What the task asks -> Exclude the pictures, then restate exactly each line of the data below from the first through the line containing "会上,后产处处长江涛首先传达".

Supplied data ->
^^^^
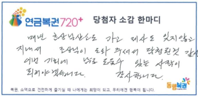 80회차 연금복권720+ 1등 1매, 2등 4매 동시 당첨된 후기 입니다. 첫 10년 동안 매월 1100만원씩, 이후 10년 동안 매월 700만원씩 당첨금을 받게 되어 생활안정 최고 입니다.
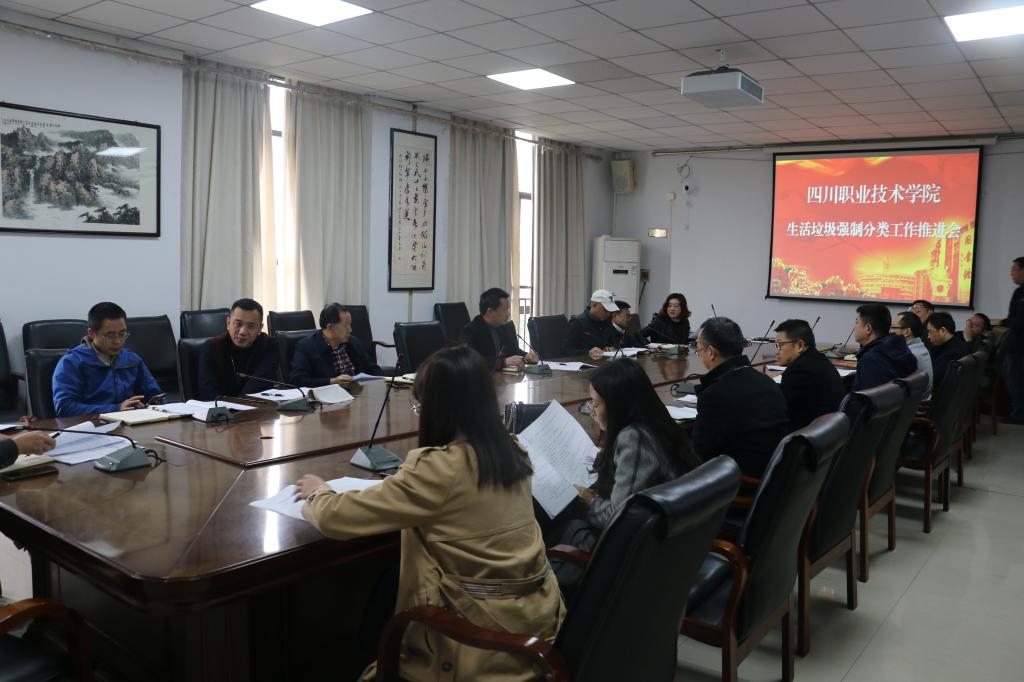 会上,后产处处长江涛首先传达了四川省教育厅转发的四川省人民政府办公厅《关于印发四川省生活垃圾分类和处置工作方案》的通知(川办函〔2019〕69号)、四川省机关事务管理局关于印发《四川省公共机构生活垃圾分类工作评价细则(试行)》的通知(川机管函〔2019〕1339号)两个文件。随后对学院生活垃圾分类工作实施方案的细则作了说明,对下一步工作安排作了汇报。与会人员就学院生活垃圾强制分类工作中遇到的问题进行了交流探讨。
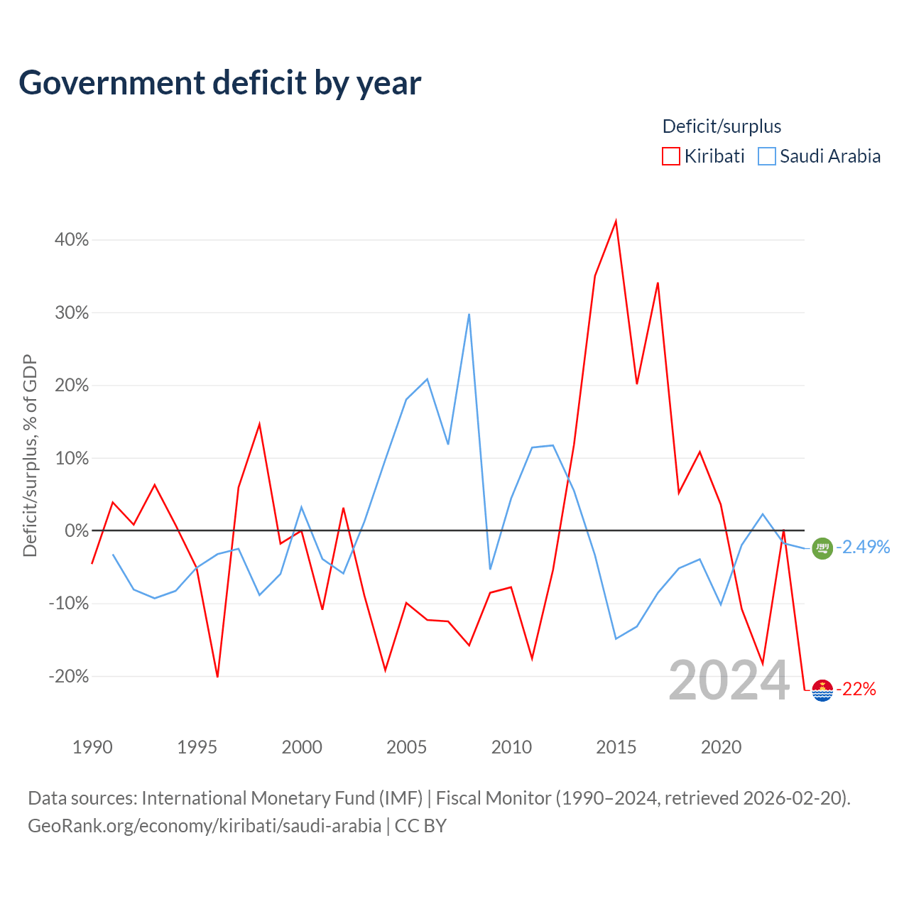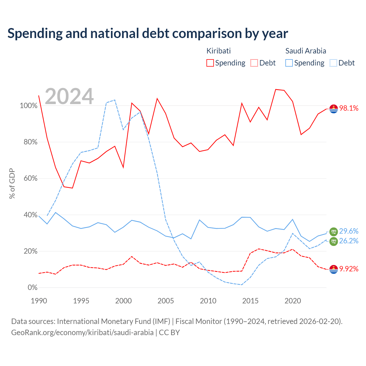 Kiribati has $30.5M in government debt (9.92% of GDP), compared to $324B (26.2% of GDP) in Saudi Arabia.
^^^^
Answer below ->
 80회차 연금복권720+ 1등 1매, 2등 4매 동시 당첨된 후기 입니다. 첫 10년 동안 매월 1100만원씩, 이후 10년 동안 매월 700만원씩 당첨금을 받게 되어 생활안정 최고 입니다.
 会上,后产处处长江涛首先传达了四川省教育厅转发的四川省人民政府办公厅《关于印发四川省生活垃圾分类和处置工作方案》的通知(川办函〔2019〕69号)、四川省机关事务管理局关于印发《四川省公共机构生活垃圾分类工作评价细则(试行)》的通知(川机管函〔2019〕1339号)两个文件。随后对学院生活垃圾分类工作实施方案的细则作了说明,对下一步工作安排作了汇报。与会人员就学院生活垃圾强制分类工作中遇到的问题进行了交流探讨。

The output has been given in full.